▶ Records:
============

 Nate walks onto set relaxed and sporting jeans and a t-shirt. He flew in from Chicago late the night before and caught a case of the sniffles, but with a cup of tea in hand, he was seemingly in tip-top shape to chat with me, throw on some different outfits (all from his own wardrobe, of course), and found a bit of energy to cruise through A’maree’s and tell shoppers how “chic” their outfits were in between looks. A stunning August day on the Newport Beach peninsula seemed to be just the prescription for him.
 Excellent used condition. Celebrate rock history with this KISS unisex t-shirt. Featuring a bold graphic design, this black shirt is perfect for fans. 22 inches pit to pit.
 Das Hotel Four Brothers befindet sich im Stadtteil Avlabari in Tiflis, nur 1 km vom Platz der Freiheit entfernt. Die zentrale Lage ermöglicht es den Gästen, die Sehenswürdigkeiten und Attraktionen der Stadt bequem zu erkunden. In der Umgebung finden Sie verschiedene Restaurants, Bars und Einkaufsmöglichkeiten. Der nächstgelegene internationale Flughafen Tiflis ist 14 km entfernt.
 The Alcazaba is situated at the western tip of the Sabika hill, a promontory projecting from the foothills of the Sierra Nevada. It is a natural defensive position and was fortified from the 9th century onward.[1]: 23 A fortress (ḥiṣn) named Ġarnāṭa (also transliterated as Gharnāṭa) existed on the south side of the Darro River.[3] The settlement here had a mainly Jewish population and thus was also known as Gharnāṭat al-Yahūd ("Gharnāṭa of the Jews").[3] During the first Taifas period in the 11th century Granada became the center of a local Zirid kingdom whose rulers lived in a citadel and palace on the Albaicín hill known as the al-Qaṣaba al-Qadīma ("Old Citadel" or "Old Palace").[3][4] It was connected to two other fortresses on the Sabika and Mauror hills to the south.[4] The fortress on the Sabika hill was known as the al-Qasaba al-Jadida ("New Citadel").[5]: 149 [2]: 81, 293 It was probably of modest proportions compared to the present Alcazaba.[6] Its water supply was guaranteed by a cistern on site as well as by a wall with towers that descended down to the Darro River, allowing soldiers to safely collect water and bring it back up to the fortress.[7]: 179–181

============

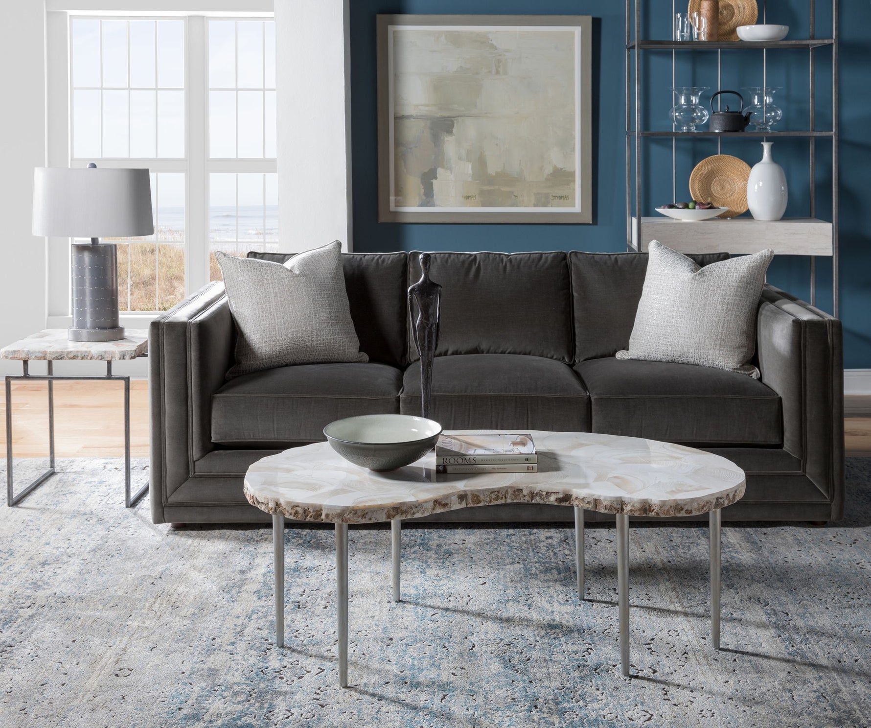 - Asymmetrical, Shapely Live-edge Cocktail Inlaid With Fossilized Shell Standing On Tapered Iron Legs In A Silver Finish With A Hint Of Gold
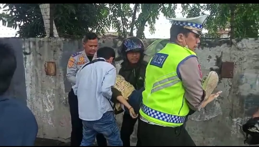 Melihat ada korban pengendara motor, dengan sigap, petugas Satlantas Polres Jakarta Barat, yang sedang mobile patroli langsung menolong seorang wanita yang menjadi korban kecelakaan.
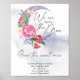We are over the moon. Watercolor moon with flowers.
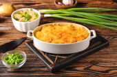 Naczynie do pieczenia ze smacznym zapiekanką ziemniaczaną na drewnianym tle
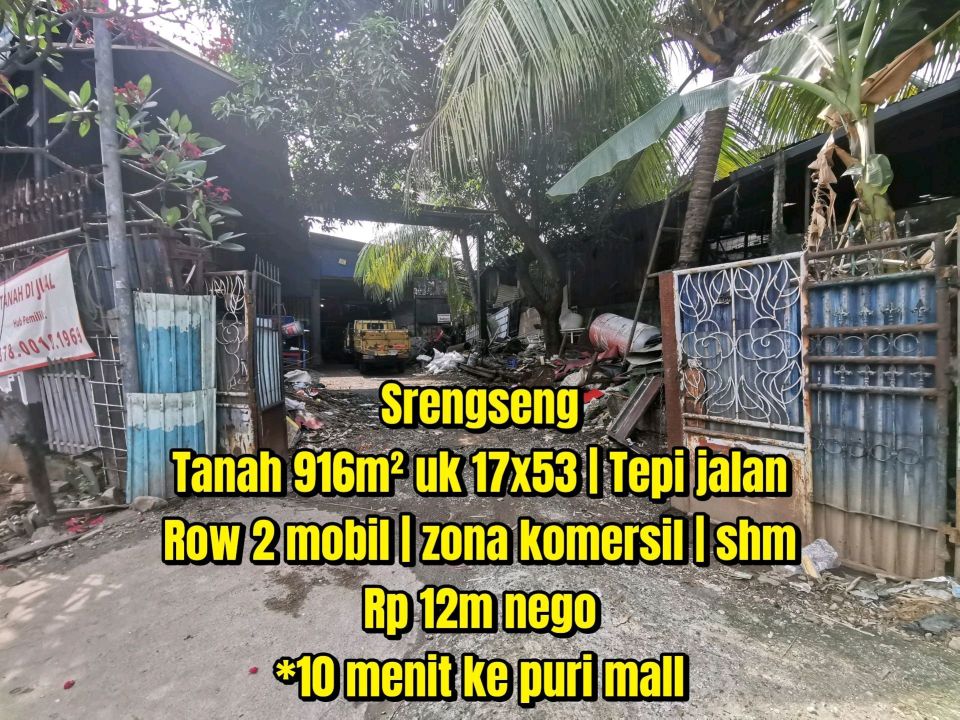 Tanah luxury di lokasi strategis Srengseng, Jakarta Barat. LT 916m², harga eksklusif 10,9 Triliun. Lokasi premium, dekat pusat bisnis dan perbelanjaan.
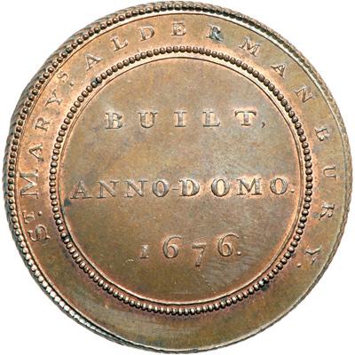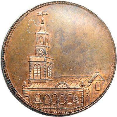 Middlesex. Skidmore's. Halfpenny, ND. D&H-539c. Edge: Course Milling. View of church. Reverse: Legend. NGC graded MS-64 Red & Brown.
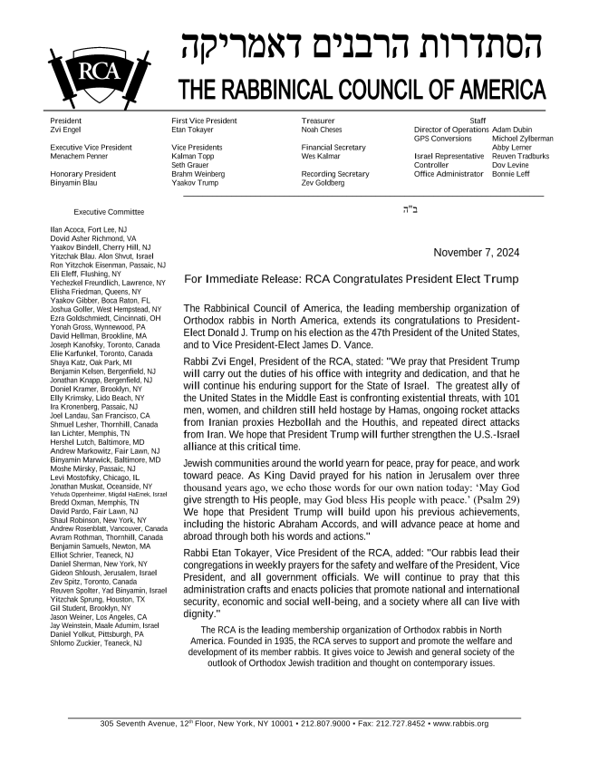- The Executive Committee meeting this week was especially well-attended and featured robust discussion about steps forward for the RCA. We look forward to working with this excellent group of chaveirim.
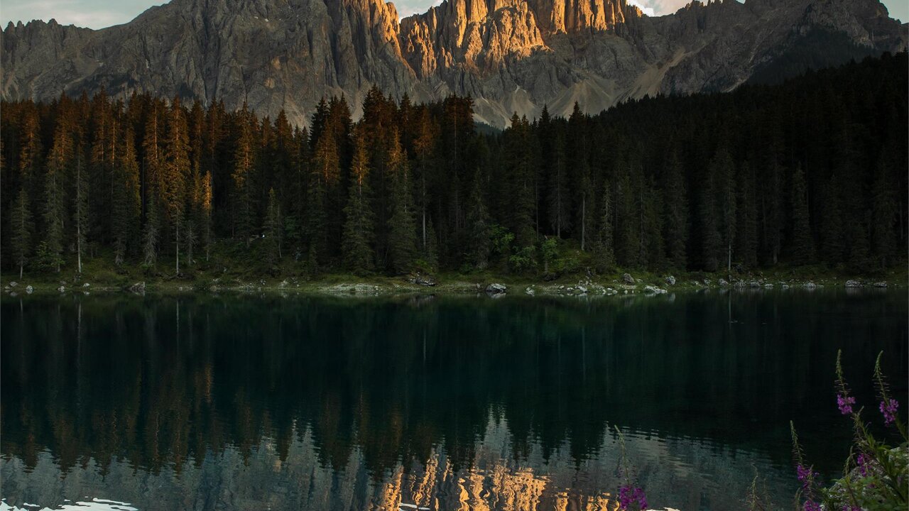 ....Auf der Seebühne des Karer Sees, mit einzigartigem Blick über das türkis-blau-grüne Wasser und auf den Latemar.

============

▶ Exercise aim:
Copy each line of the listing above that contains the word "shirt".

▶ Solution below:
 Nate walks onto set relaxed and sporting jeans and a t-shirt. He flew in from Chicago late the night before and caught a case of the sniffles, but with a cup of tea in hand, he was seemingly in tip-top shape to chat with me, throw on some different outfits (all from his own wardrobe, of course), and found a bit of energy to cruise through A’maree’s and tell shoppers how “chic” their outfits were in between looks. A stunning August day on the Newport Beach peninsula seemed to be just the prescription for him.
 Excellent used condition. Celebrate rock history with this KISS unisex t-shirt. Featuring a bold graphic design, this black shirt is perfect for fans. 22 inches pit to pit.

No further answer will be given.